Yet, with more than 800,000 people experiencing a new or recurrent stroke each year, and more strokes happening every day as the over-50 population grows (NSA 2017), trainers are increasingly likely to be assisting survivors coming out of occupational or physical rehab. In fact, because rehabilitation insurance coverage tends to be limited, personal trainers well-versed in working with stroke survivors can play a crucial role in supporting their return to independent, active and functional daily living.

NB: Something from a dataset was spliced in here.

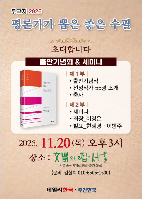 출판기념회 및 세미나는 2025년 11월 20일(목) 오후 3시에 '문학의 집 서울'에서 열릴 예정입니다.

Trainers need a few new skills to help stroke survivors succeed, but by and large the process is the same as helping healthy clients improve physical strength and cardiovascular conditioning. The critical difference is that stroke survivors are not just training muscle; they are using the brain’s natural ability to rewire itself (see the sidebar “Neuroplasticity and Stroke Recovery”) in order to restore movement after stroke-induced paralysis and loss of function.

A Strength and Conditioning Model for Stroke Survivors

Personal trainers and strength coaches are uniquely educated to provide important support for stroke survivors—though you may not think so given the complex mechanisms that enable stroke recovery. Trainers and coaches help people increase strength, improve cardiovascular capacity, expand mobility and optimize neuromuscular control. The goals do not change just because the client is a stroke survivor, so program design and administration will be much the same.

Trainers working with stroke survivors will need enough education and reading to understand the physical and psychological effects of stroke. Beyond that, it’s a matter of learning basic rehabilitation protocols, acquiring a few tools, and having lots of confidence and imagination.

Constructing a flexible, periodized program with exercises and movement patterns designed to strengthen weakened areas is simple. Understanding how to motivate, encourage and evaluate progress is more complex (Levine 2013; Taylor 2006).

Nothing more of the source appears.